DATA LISTING below:
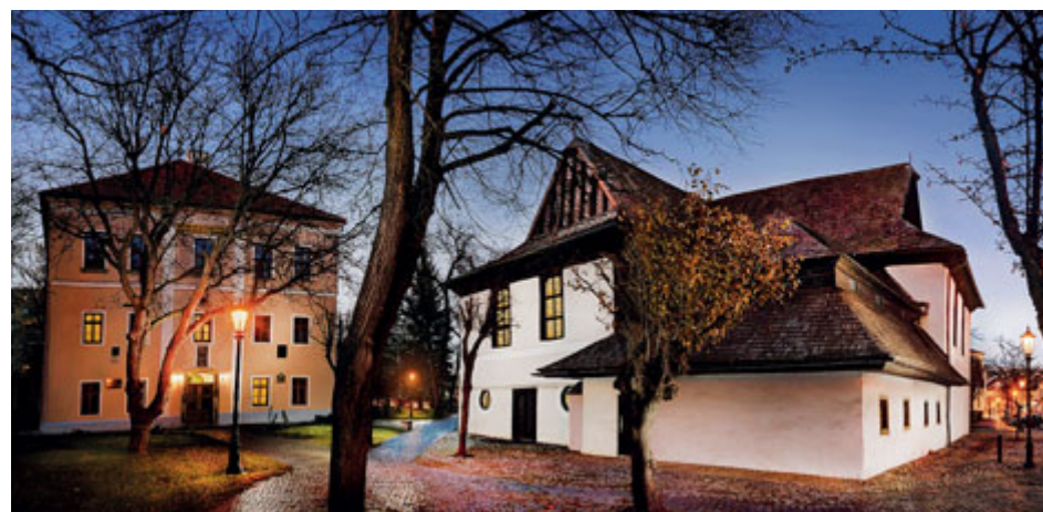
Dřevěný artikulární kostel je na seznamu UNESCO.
End of DATA LISTING.
DATA LISTING below:
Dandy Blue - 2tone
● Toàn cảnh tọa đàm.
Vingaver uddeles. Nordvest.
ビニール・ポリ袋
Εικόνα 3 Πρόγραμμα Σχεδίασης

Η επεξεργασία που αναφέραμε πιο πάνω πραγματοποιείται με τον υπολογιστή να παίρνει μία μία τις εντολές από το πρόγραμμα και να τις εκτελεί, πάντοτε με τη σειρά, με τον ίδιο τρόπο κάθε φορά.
End of DATA LISTING.
DATA LISTING below:
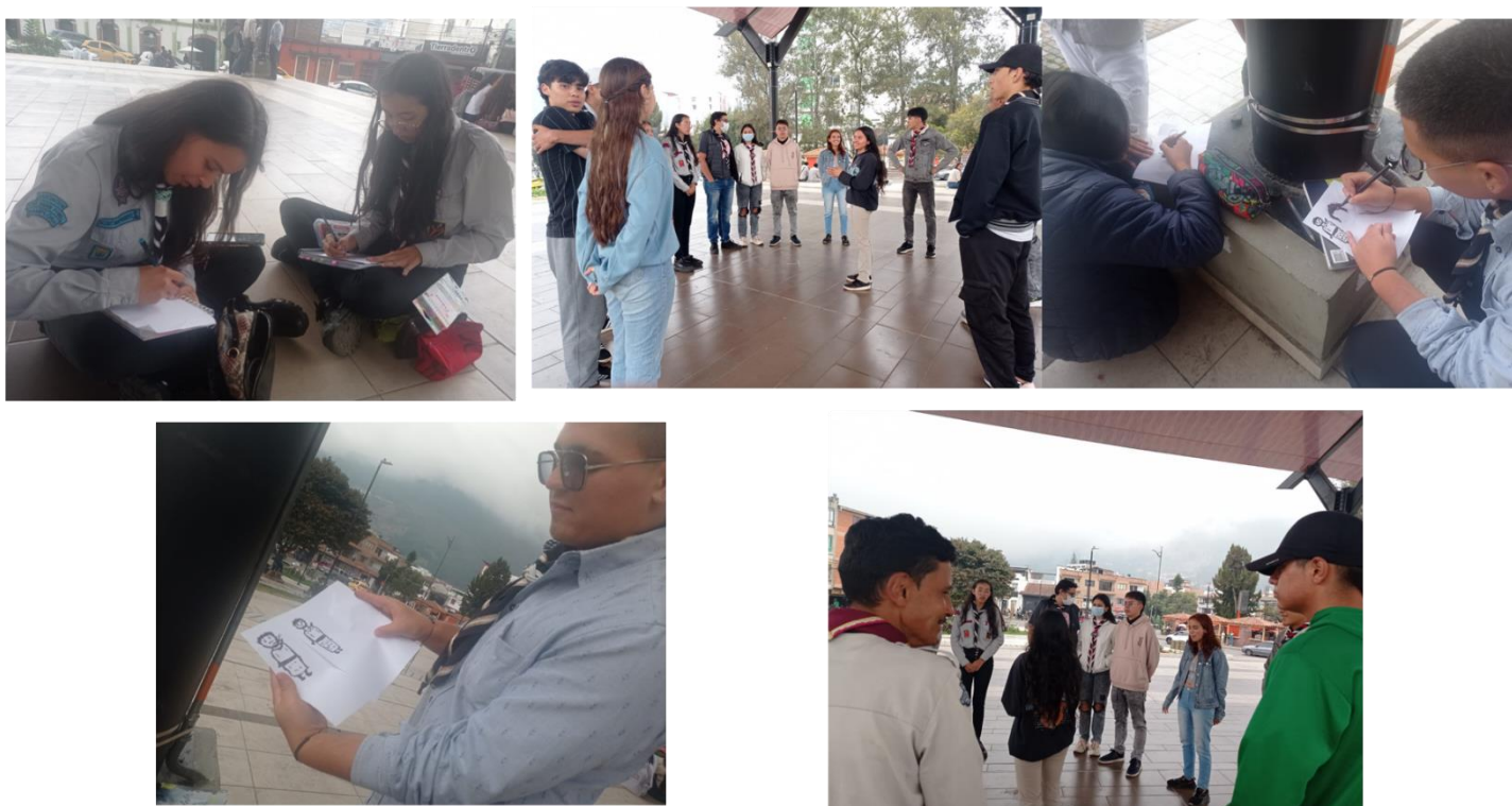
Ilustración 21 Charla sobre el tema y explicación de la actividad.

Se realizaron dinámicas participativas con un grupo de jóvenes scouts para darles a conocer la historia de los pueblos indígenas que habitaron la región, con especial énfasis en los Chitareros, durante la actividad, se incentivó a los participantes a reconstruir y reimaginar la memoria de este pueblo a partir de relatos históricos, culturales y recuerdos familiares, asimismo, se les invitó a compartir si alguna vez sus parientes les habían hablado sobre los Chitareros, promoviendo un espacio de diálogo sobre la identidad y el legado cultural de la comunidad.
End of DATA LISTING.
Your answer must consist solely of the lines above between the line holding "Ilustración 21 Charla" and the line holding "Se realizaron dinámicas", inclusive, copied exactly.

ANSWER FOR THE TASK »
Ilustración 21 Charla sobre el tema y explicación de la actividad.

Se realizaron dinámicas participativas con un grupo de jóvenes scouts para darles a conocer la historia de los pueblos indígenas que habitaron la región, con especial énfasis en los Chitareros, durante la actividad, se incentivó a los participantes a reconstruir y reimaginar la memoria de este pueblo a partir de relatos históricos, culturales y recuerdos familiares, asimismo, se les invitó a compartir si alguna vez sus parientes les habían hablado sobre los Chitareros, promoviendo un espacio de diálogo sobre la identidad y el legado cultural de la comunidad.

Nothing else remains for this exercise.